Open grisha9 opened 3 hours ago

grisha9 commented 3 hours ago

It would be nice to get all the information about beans (bean definition) in a native way, without starting the application and creating bean instances (start application may have many side effects: DB modification, execute post-construct logic and etc). This can be very useful for creating plugins for IDE independent of IDE implementation.
Maybe there is already something for this?

Maybe it is worth adding some task to Spring Boot Plugins (Maven/Gradle) that like the Maven task 'mvn dependency:tree' , would print out information about beans without starting the application? Then we could just run a build system plugin task, for example for Maven: "mvn org.springframework.boot:spring-boot-maven-plugin:3.2.0:print-bean-definition" , and output information about the beans in some format to the console or file.

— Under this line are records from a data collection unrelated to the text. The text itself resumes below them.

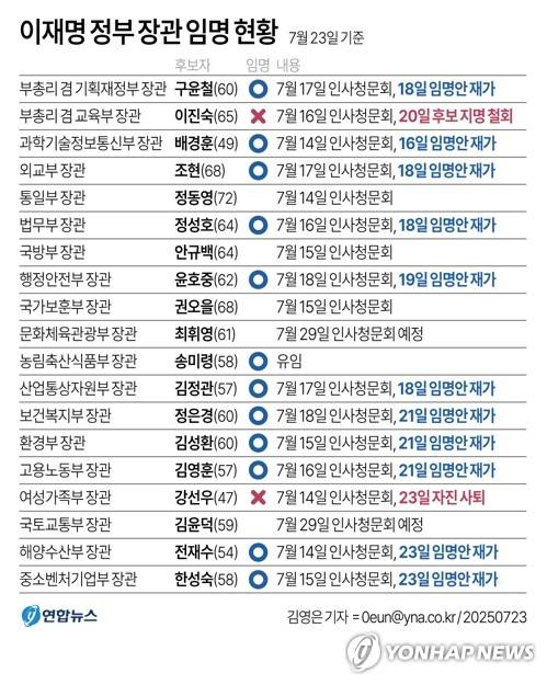 [그래픽] 이재명 정부 장관 임명 현황(종합)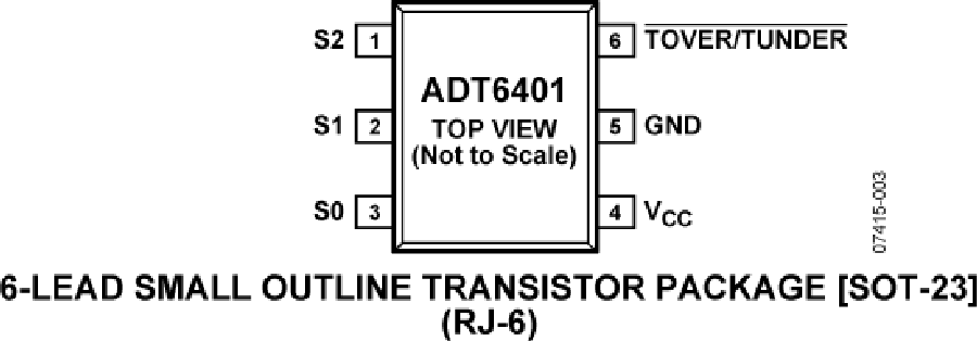 ADT6401/ADT6402为跳变点温度开关,提供6引脚SOT-23封装。 它们都含有一个内置带隙温度传感器,用于局部温度检测。 当温度超过跳变点设置时,逻辑输出被激活。 ADT6401逻辑输出为低电平有效和开漏输出。 ADT6402逻辑输出为高电平有效和推挽输出。 经数字化转换后,温度的分辨率为0.125°C(11位)。 引脚可选跳变点设置间距为10°C,欠温开关设置范围为−45°C至+5°C,过温开关设置范围为45°C至115°C。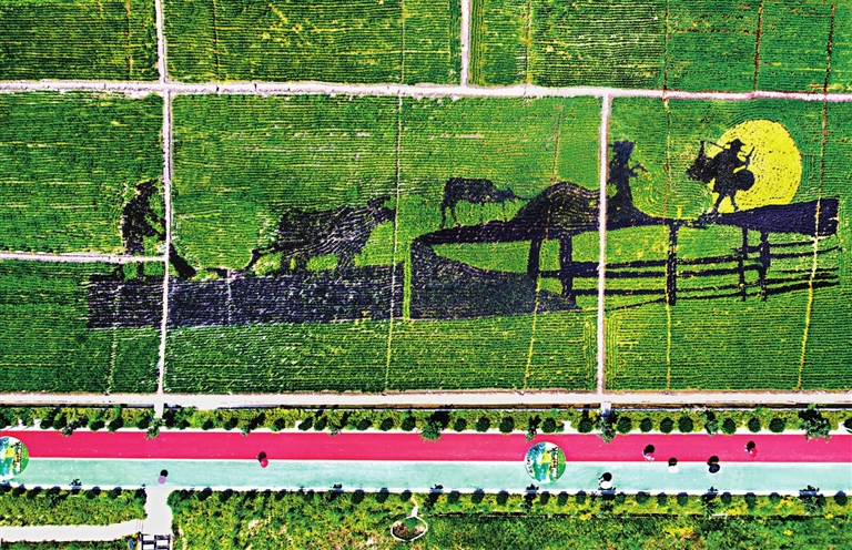 红绿相间的步道,阡陌纵横的稻田,赭褐色的农耕图成为晋源区稻田公园夏日的别样风景。 记者 宿晓健 摄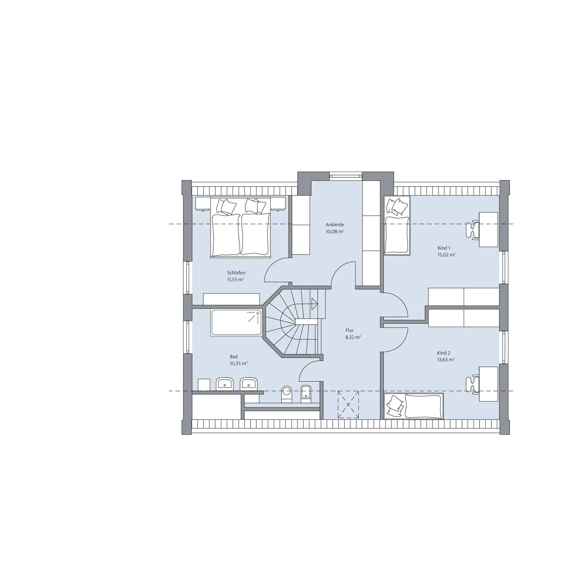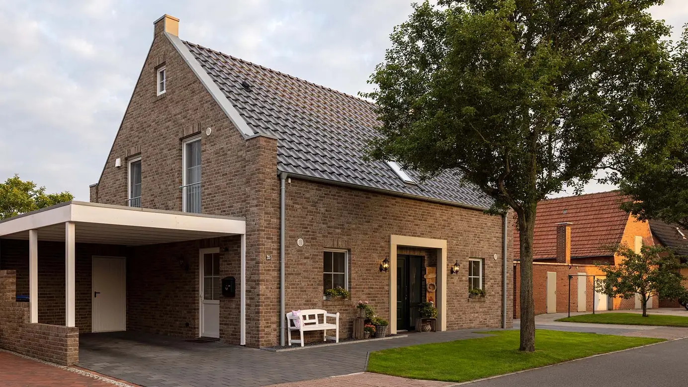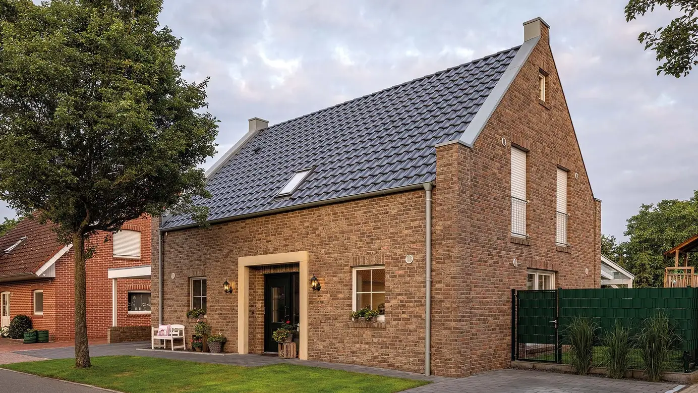 Das klassische Haus Junker mit seinen klaren Linien, dem imposanten Zwerchgiebel, den farblich changierenden Verblendsteinen und der grünen Landhaustür ist Wohngefühl pur. Vier Personen genießen hier den Platz auf 137 m² Wohnfläche, verteilt auf Erdgeschoss und Dachgeschoss. Ausreichend Raum in einem Haus, das auch auf kleineren Grundstücken realisierbar ist. Hinzu kommen ein Carport und ein außenliegender Abstellraum, der auch vom Garten aus zugänglich ist. Das Erdgeschoss kann durch die Haustür oder direkt durch den Carport betreten werden. Es umfasst einen Hauswirtschaftsraum, eine offene Küche und einen Wohn-/Essbereich mit Gartenzugang. Ein Kaminofen, ein Gäste-WC sowie die geschwungene, im modernen Grau gehaltene Treppe hinauf ins Dachgeschoss runden die untere Etage ab. Oben befinden sich zwei Kinderzimmer, das Familienbad sowie das Elternschlafzimmer mit separatem Ankleideraum.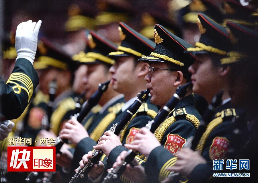 3月13日,全国政协十二届三次会议在北京人民大会堂举行闭幕会。这是军乐团在演奏。 新华社记者陈晔华摄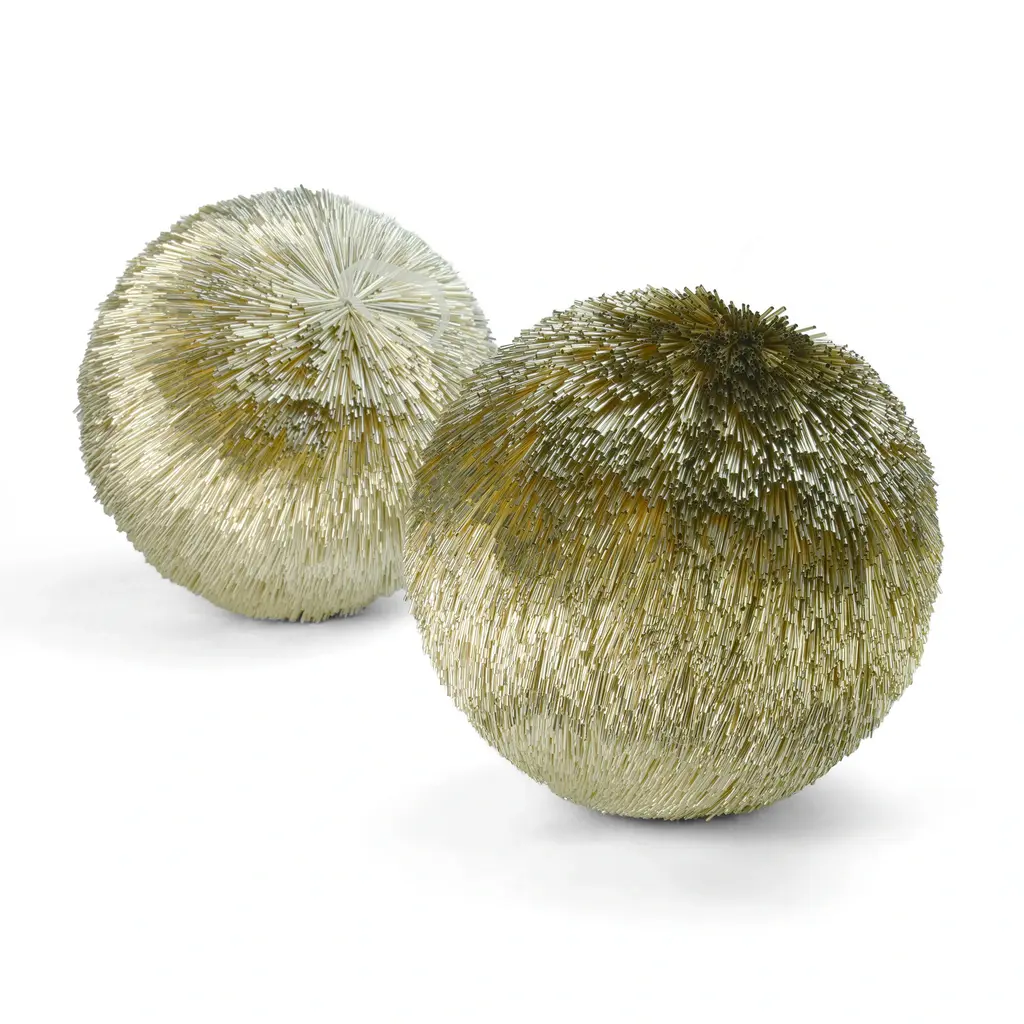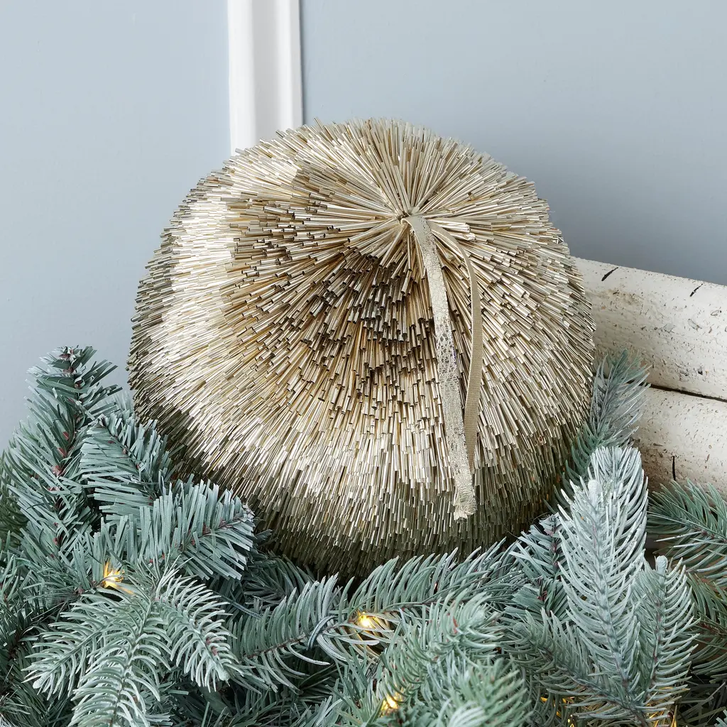 Add a creative and custom flair to your Christmas tree trimming with these distinctively designed holiday ornaments. Each decoration is constructed from miniature foil tubes layered over a soft inner core which create a shimmering reflective surface. Lightweight and shatterproof, each ornament is 8" in diameter and includes a hanging loop for display convenience. Ornaments are contained in a reusable storage box.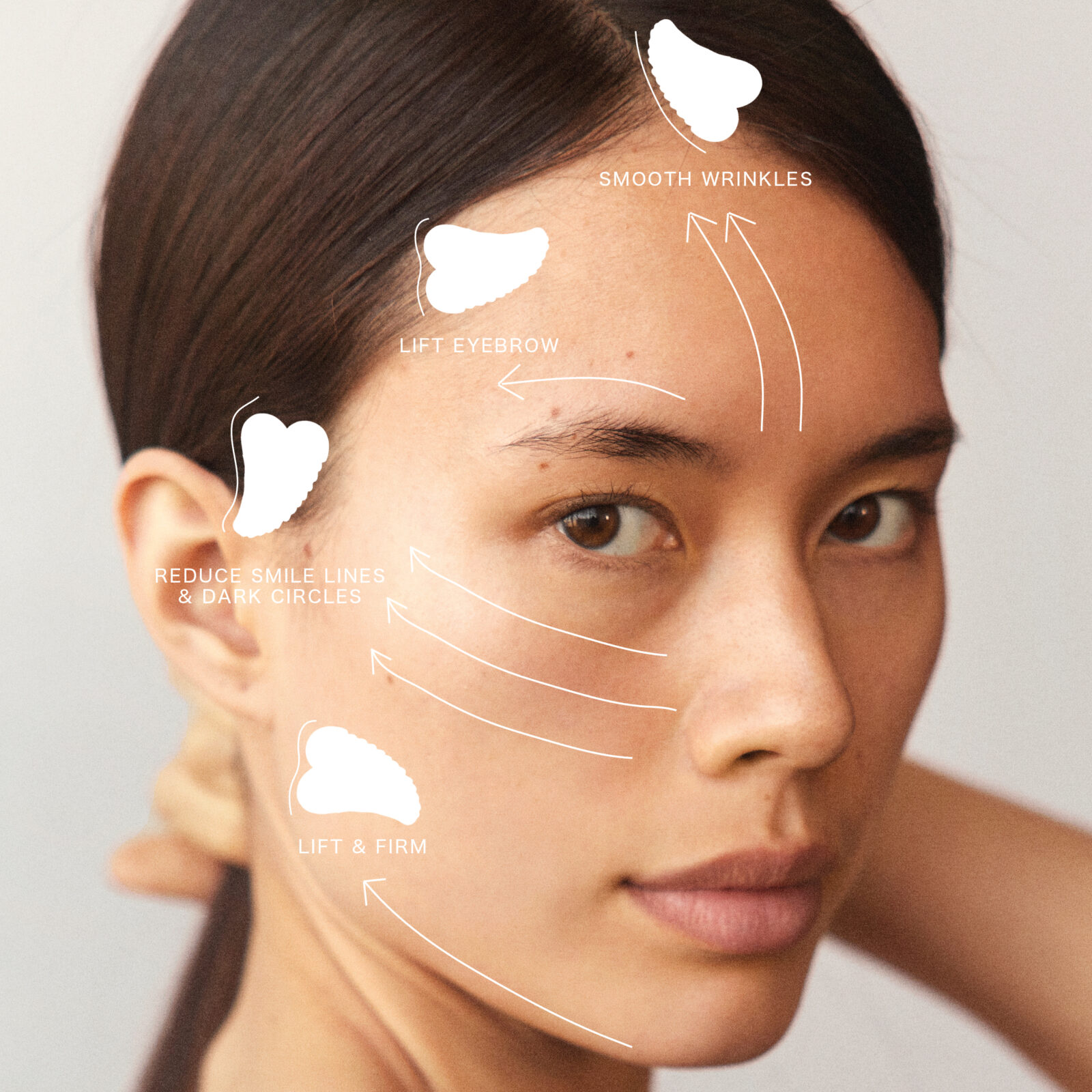 Glide the tool across your face in upwards and outwards directions using gentle to medium pressure, repeating each movement 5-6 times. Use the curved edge to sculpt areas such as cheekbones and jawline, the smooth-edged side for regions such as the T-zone, and the comb-edged side on areas where you want to pay extra attention towards tightening, toning, and smoothing.
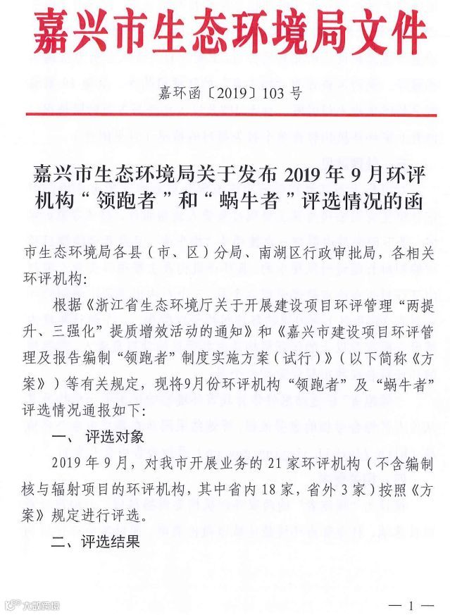嘉兴市生态环境局关于发布2019年9月环评机构“领跑者”和“蜗牛者”评选情况的函.pdf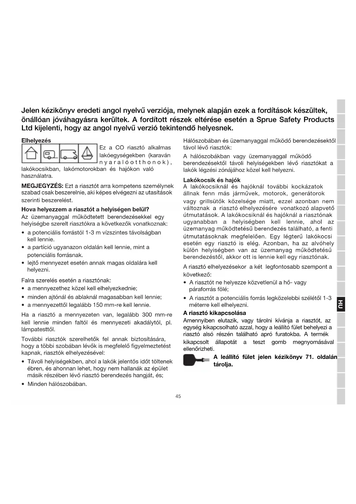 - A riasztót a potenciális forrás legközelebbi szélétől 1-3 méterre kell elhelyezni. A riasztó kikapcsolása Amennyiben elutazik, vagy tárolni kívánja a riasztót, az egység kikapcsolható azzal, hogy a leállító fület behelyezi a riasztó alsó részén található apró furatokba. A termék kikapcsolt állapotát a teszt gomb megnyomásával ellenőrizheti. A leállító fület jelen kézikönyv 71. oldalán tárolja. Jelen kézikönyv eredeti angol nyelvű verziója, melynek alapján ezek a fordítások készültek, önállóan jóváhagyásra kerültek. A fordított részek eltérése esetén a Sprue Safety Products Ltd kijelenti, hogy az angol nyelvű verzió tekintendő helyesnek.46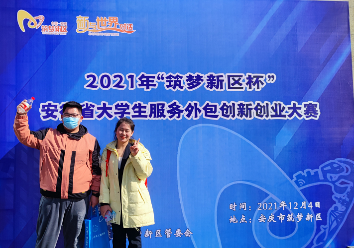 2021年12月3日,我院学生参加由安徽省教育厅主办,安徽财经大学、安庆筑梦新区管委会承办的 2021 年“筑梦新区杯”安徽省大学生服务外包创新创业大赛现场赛。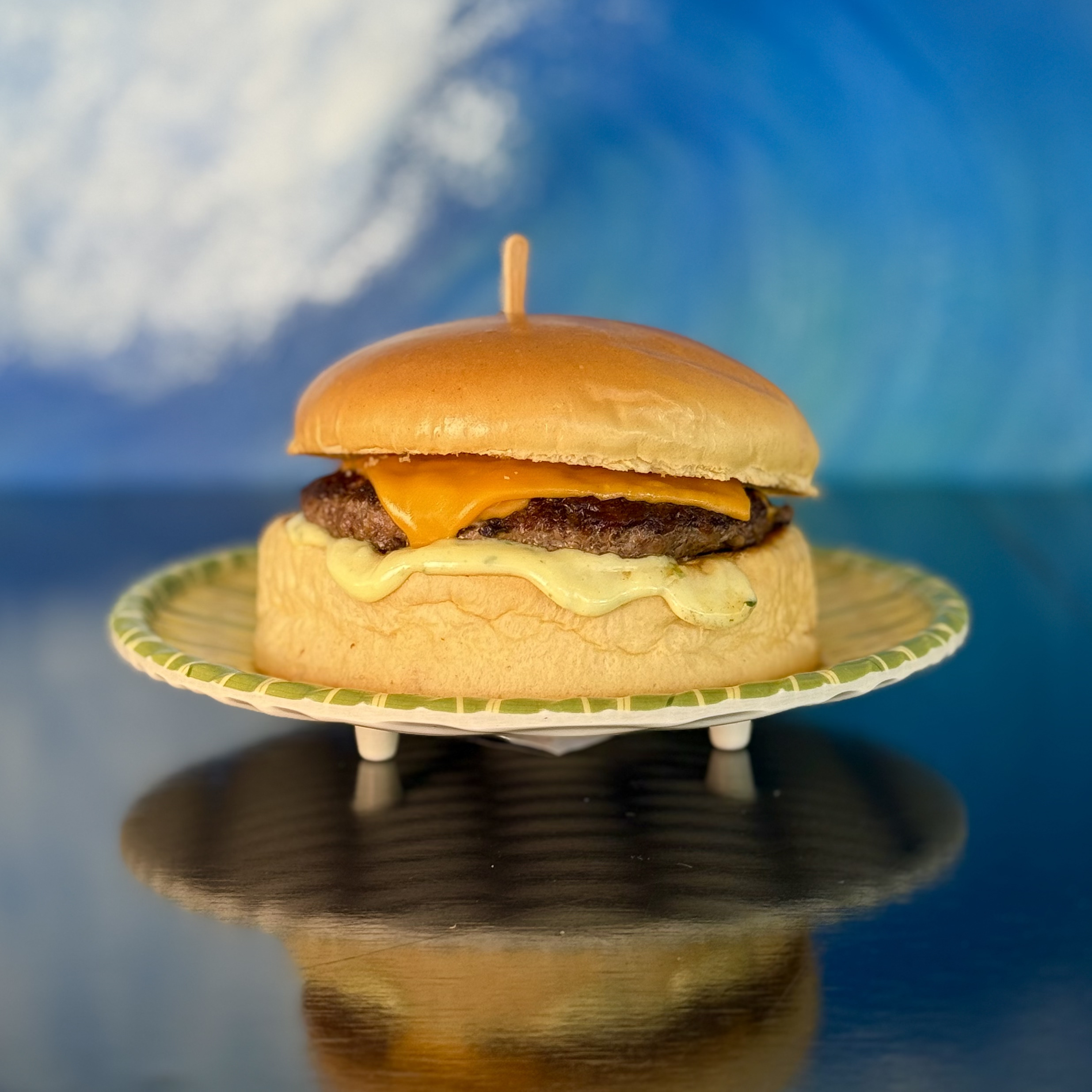 Pão, hamburguer de costela150g, maionese maresia e queijo cheddar.
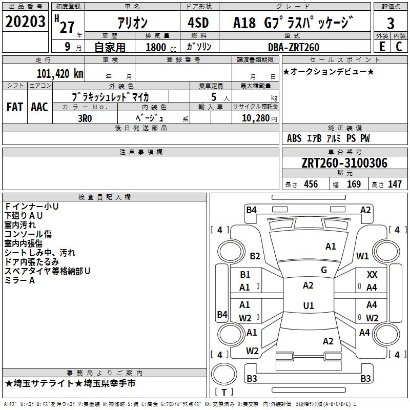 TOYOTA ALLION - лот 20203

I made some prototype - https://github.com/grisha9/spring-bean-printer
The module bean-printer contain logic to print all the bean definition information to the console after the phase "spring.context.beans.post-process". I have custom ApplicationStartup implementation that throw exception after it phase. And custom SpringApplicationRunListener that print all bean info from ConfigurableApplicationContext in failed method.
Also in this module I rewrote the method for launching the spring boot application as shown below. I pass SpringBootApplication class name as env parameter - "org.example.spring.appClassName" and I use my own implementation for ApplicationStartup and SpringApplicationRunListener. And packed it into a jar file - bean-printer.jar

public class BeanDefinitionPrinter {    
    public static void main(String[] args) throws ClassNotFoundException {    
        Class<?> applicationClass = Class.forName(System.getenv("org.example.spring.appClassName"));    
        SpringApplication springApplication = new SpringApplication(applicationClass);     
        springApplication.setApplicationStartup(new SampleApplicationStartup());    
        SpringApplicationHook applicationHook = application -> new SampleFailedSpringApplicationRunListener();    
        SpringApplication.withHook(applicationHook, () -> springApplication.run(args));    
    }
}

The module project-sample contains simple project for test usages. In this module I added spring-boot-maven-plugin this next configuration

<plugin>
    <groupId>org.springframework.boot</groupId>
    <artifactId>spring-boot-maven-plugin</artifactId>
    <configuration>
        <environmentVariables>
            <org.example.spring.appClassName>org.springframework.sample.Application</org.example.spring.appClassName>
        </environmentVariables>
        <additionalClasspathElements>../bean-printer/target/bean-printer-3.0.0.jar</additionalClasspathElements>
        <mainClass>org.example.bean.printer.BeanDefinitionPrinter</mainClass>
    </configuration>
</plugin>

Configuration contains additional classpath element with bean-printer.jar and main class for run it - org.example.bean.printer.BeanDefinitionPrinter and env variable to real application class name. As result it print bean definition information in console (mvn org.springframework.boot:spring-boot-maven-plugin:3.2.0:run):

BeanInfo{beanName='application', className='org.springframework.sample.Application', methodName='null', methodReturnTypeName='null', scope='singleton', primary=false}
BeanInfo{beanName='testComponentBean', className='org.springframework.sample.TestComponentBean', methodName='null', methodReturnTypeName='null', scope='singleton', primary=false}
BeanInfo{beanName='testConfig', className='org.springframework.sample.TestConfig', methodName='null', methodReturnTypeName='null', scope='singleton', primary=false}
BeanInfo{beanName='methodBean', className='org.springframework.sample.TestConfig', methodName='methodBean', methodReturnTypeName='org.springframework.sample.TestMethodBean', scope='singleton', primary=false}
...

Maybe it's worth creating a separate task for build systems for this?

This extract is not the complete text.